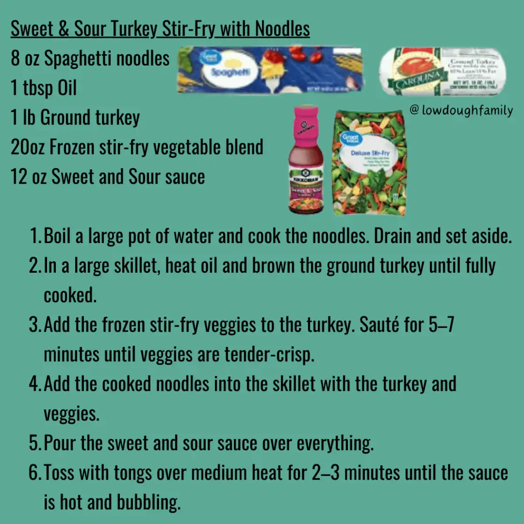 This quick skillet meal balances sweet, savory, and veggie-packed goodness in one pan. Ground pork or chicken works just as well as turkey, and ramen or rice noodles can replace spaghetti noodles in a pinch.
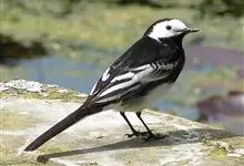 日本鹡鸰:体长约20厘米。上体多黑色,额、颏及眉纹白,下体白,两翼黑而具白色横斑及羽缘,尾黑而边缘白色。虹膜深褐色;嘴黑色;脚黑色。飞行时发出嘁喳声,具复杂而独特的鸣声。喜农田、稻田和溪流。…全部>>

★ ★ ★ ★

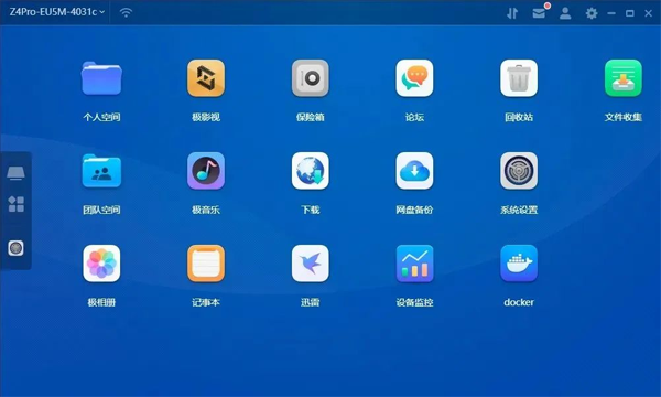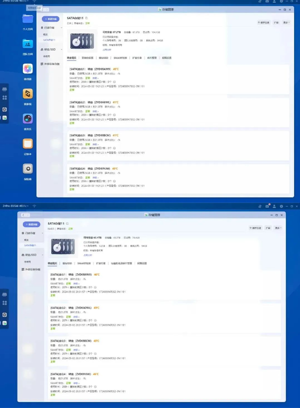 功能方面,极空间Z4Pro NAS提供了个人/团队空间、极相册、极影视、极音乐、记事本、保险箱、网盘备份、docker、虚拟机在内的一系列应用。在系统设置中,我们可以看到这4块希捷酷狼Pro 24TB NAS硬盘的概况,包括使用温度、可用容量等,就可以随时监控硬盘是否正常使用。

★ ★ ★ ★

Work to complete:
Above are the records; return the lines in them from the one with "This quick skillet" to the one with "日本鹡鸰:体长约20厘米。上", inclusive, exactly and without images.

Response for this exercise:
 This quick skillet meal balances sweet, savory, and veggie-packed goodness in one pan. Ground pork or chicken works just as well as turkey, and ramen or rice noodles can replace spaghetti noodles in a pinch.
 日本鹡鸰:体长约20厘米。上体多黑色,额、颏及眉纹白,下体白,两翼黑而具白色横斑及羽缘,尾黑而边缘白色。虹膜深褐色;嘴黑色;脚黑色。飞行时发出嘁喳声,具复杂而独特的鸣声。喜农田、稻田和溪流。…全部>>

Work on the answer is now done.